Repeat the records below exactly from the line containing "また、当キャンペーン開催期間" to the line containing "- Area del sensor", taking in both of those lines. Drop the pictures.

*** Opening of Data for the task ***

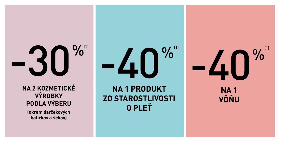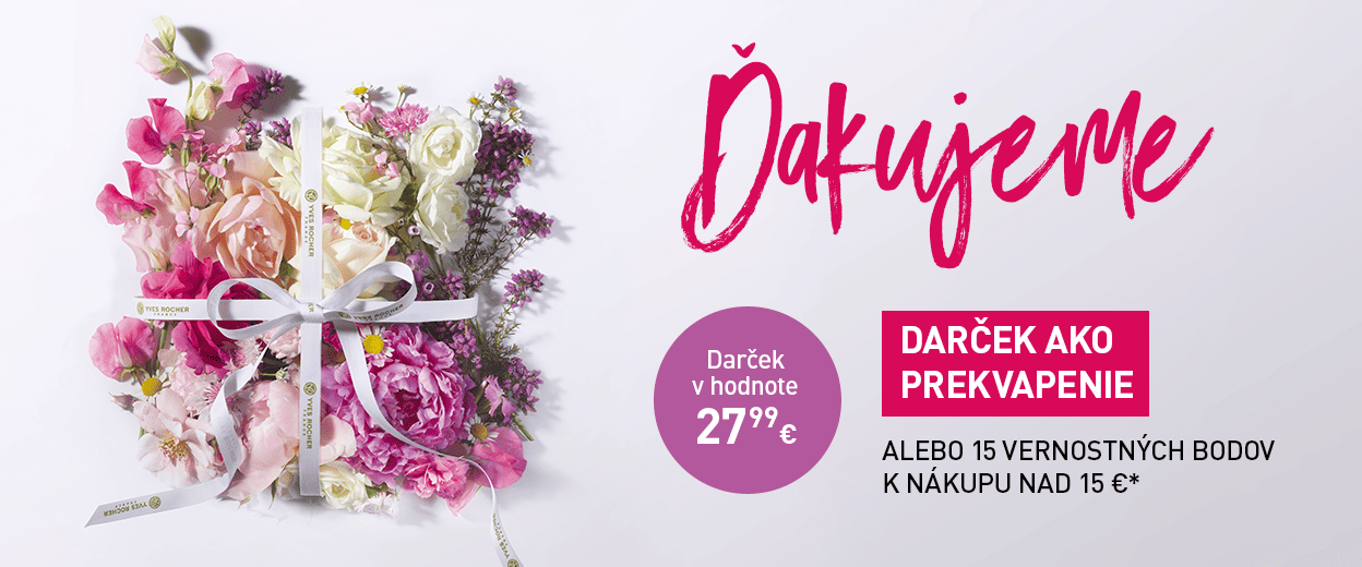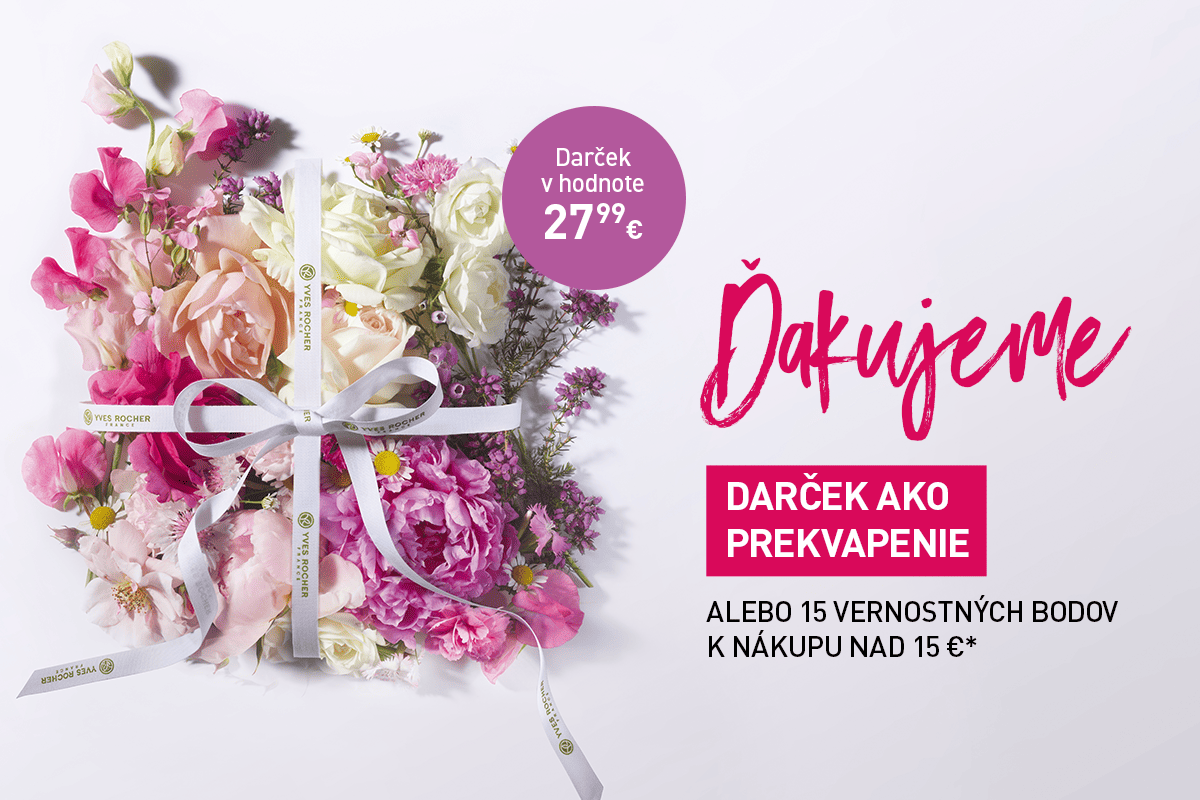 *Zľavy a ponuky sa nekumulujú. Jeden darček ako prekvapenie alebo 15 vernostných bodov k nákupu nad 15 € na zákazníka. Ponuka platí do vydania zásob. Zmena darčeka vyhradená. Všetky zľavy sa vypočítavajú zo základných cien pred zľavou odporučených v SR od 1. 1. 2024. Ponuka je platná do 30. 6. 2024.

*** Close of Data for the task ***
*** Opening of Data for the task ***

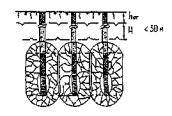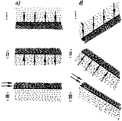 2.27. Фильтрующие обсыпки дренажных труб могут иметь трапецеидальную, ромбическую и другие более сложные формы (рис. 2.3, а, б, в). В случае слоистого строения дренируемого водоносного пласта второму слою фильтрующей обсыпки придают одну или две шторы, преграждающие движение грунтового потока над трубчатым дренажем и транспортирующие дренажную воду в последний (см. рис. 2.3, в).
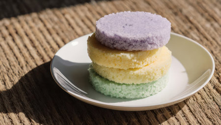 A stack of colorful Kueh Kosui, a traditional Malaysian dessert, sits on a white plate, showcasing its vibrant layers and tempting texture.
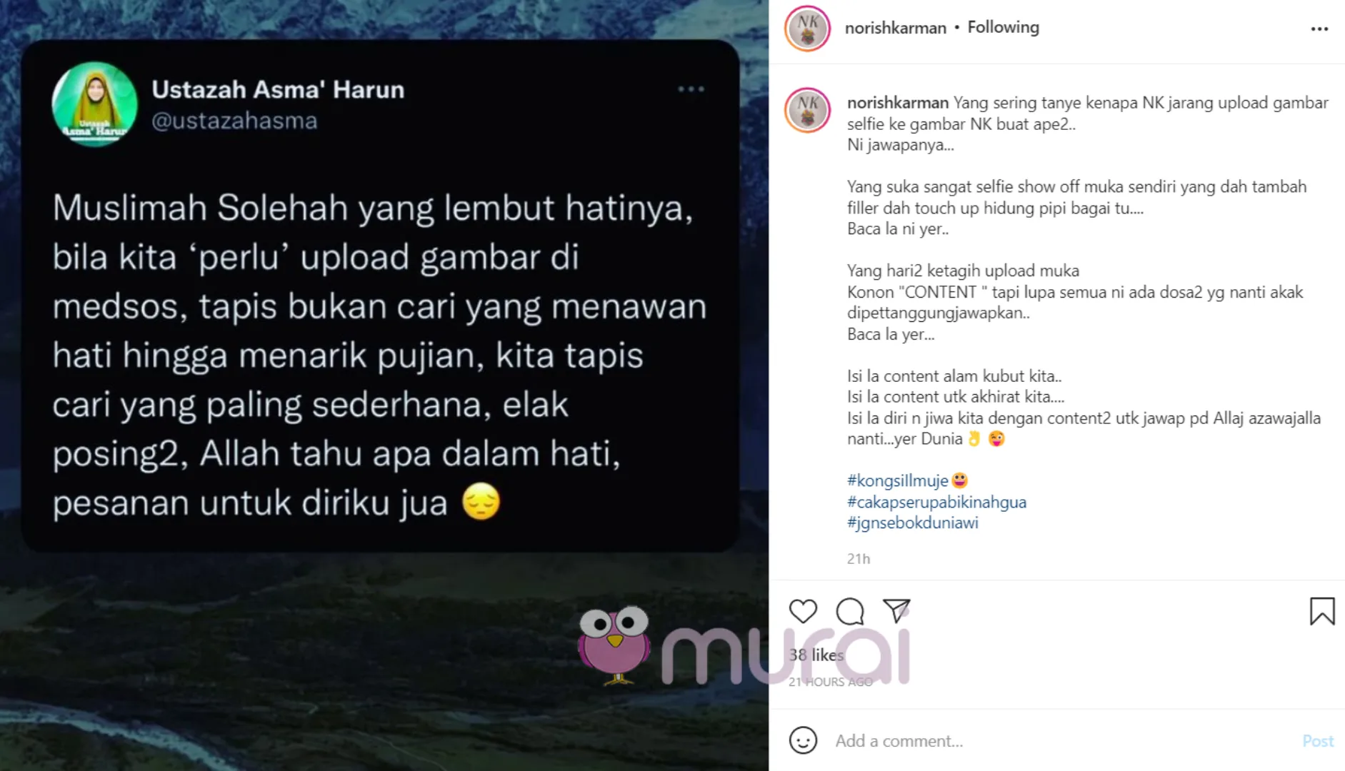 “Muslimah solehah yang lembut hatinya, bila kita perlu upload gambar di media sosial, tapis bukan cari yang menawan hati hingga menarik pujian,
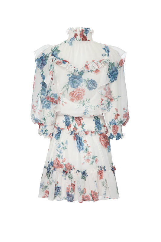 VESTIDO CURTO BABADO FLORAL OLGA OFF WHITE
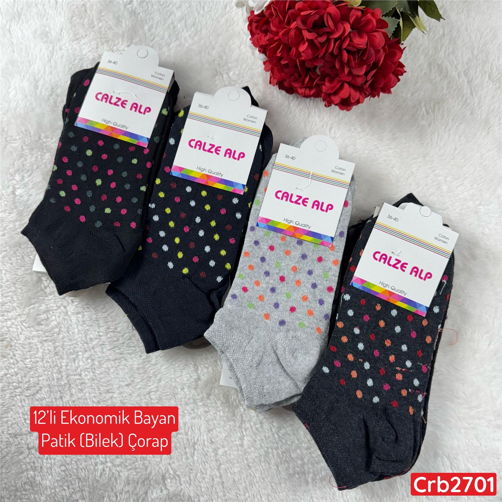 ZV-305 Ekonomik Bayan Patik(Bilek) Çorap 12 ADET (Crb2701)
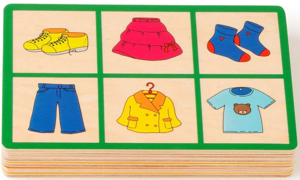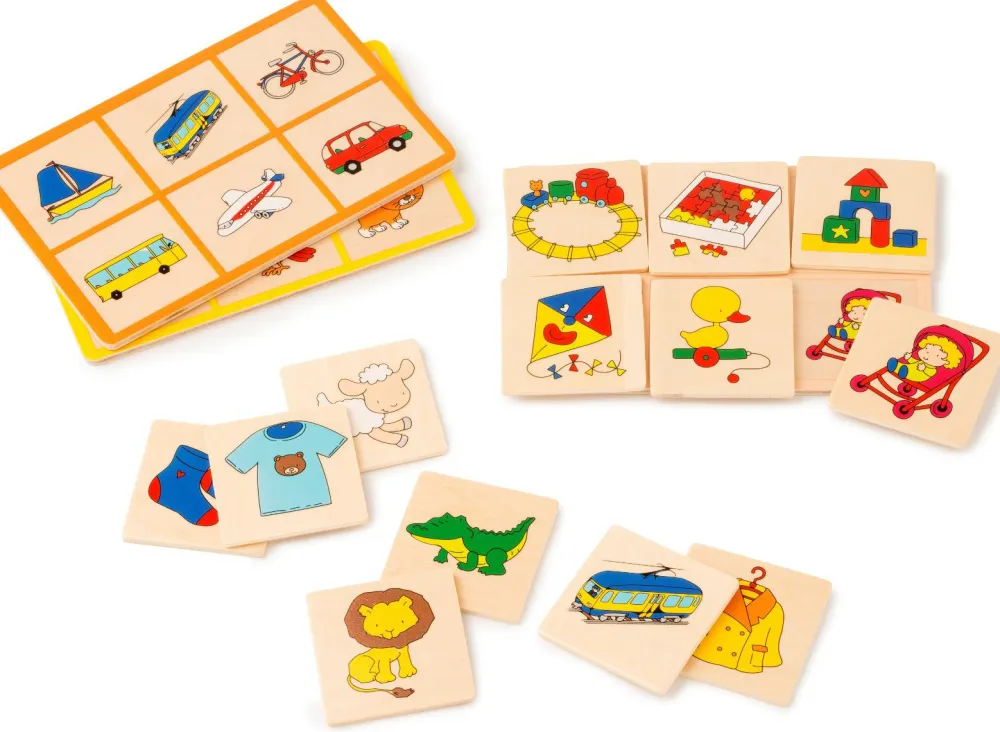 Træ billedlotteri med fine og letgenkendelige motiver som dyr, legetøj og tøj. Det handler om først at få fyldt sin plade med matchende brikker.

*** Close of Data for the task ***
*** Opening of Data for the task ***

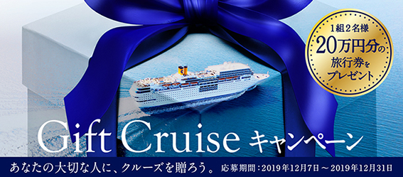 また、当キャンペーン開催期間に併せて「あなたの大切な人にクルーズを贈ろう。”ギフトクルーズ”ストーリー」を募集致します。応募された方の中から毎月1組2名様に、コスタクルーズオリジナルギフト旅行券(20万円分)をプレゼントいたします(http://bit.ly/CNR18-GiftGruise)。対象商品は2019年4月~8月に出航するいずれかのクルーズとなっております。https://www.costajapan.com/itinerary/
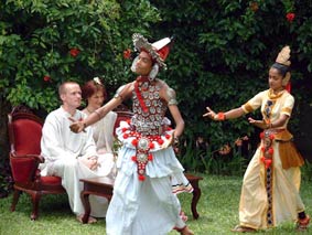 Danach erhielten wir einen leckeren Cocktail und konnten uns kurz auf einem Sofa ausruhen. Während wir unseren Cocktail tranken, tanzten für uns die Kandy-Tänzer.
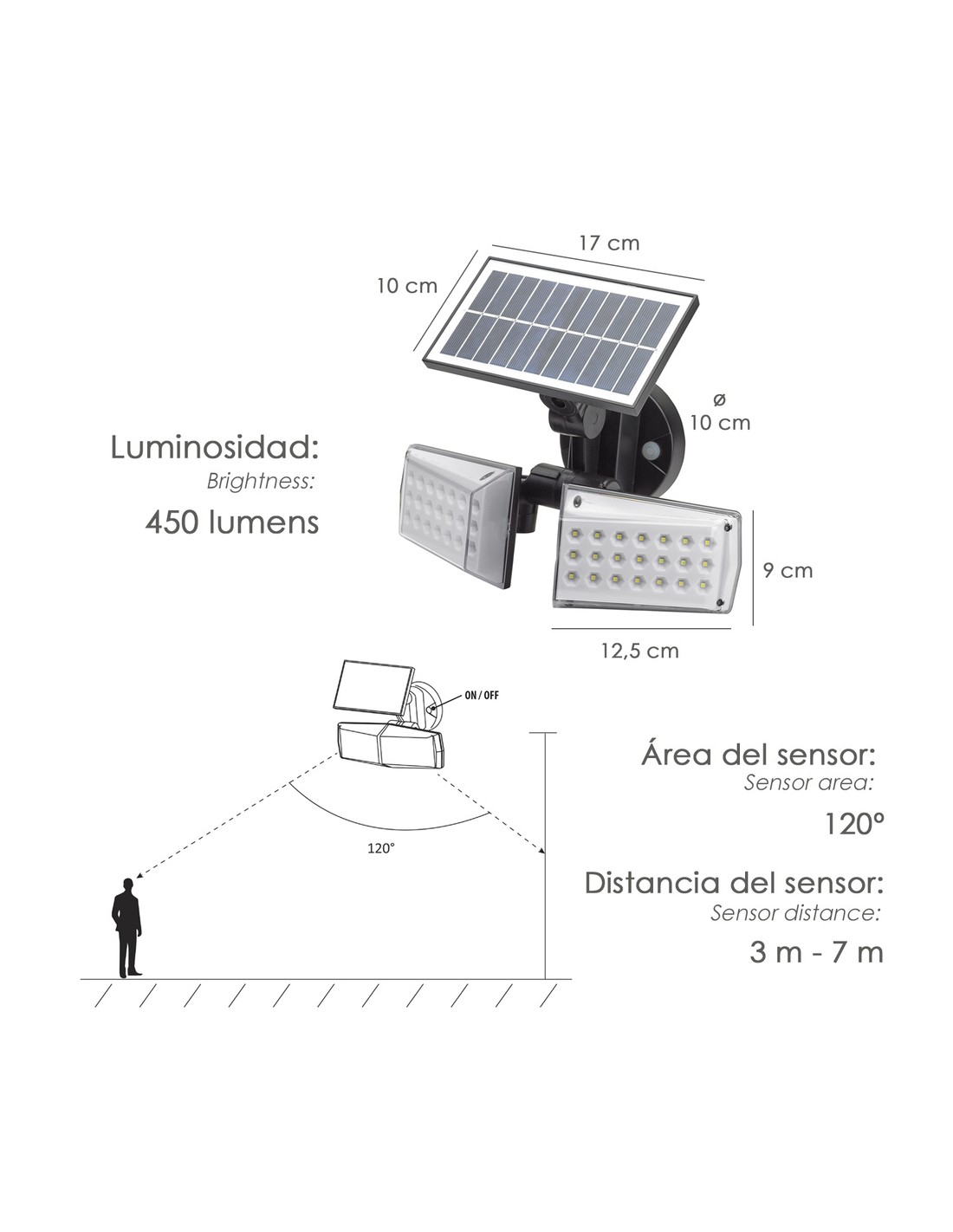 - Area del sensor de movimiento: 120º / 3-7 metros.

*** Close of Data for the task ***

Response area:
 また、当キャンペーン開催期間に併せて「あなたの大切な人にクルーズを贈ろう。”ギフトクルーズ”ストーリー」を募集致します。応募された方の中から毎月1組2名様に、コスタクルーズオリジナルギフト旅行券(20万円分)をプレゼントいたします(http://bit.ly/CNR18-GiftGruise)。対象商品は2019年4月~8月に出航するいずれかのクルーズとなっております。https://www.costajapan.com/itinerary/
 Danach erhielten wir einen leckeren Cocktail und konnten uns kurz auf einem Sofa ausruhen. Während wir unseren Cocktail tranken, tanzten für uns die Kandy-Tänzer.
 - Area del sensor de movimiento: 120º / 3-7 metros.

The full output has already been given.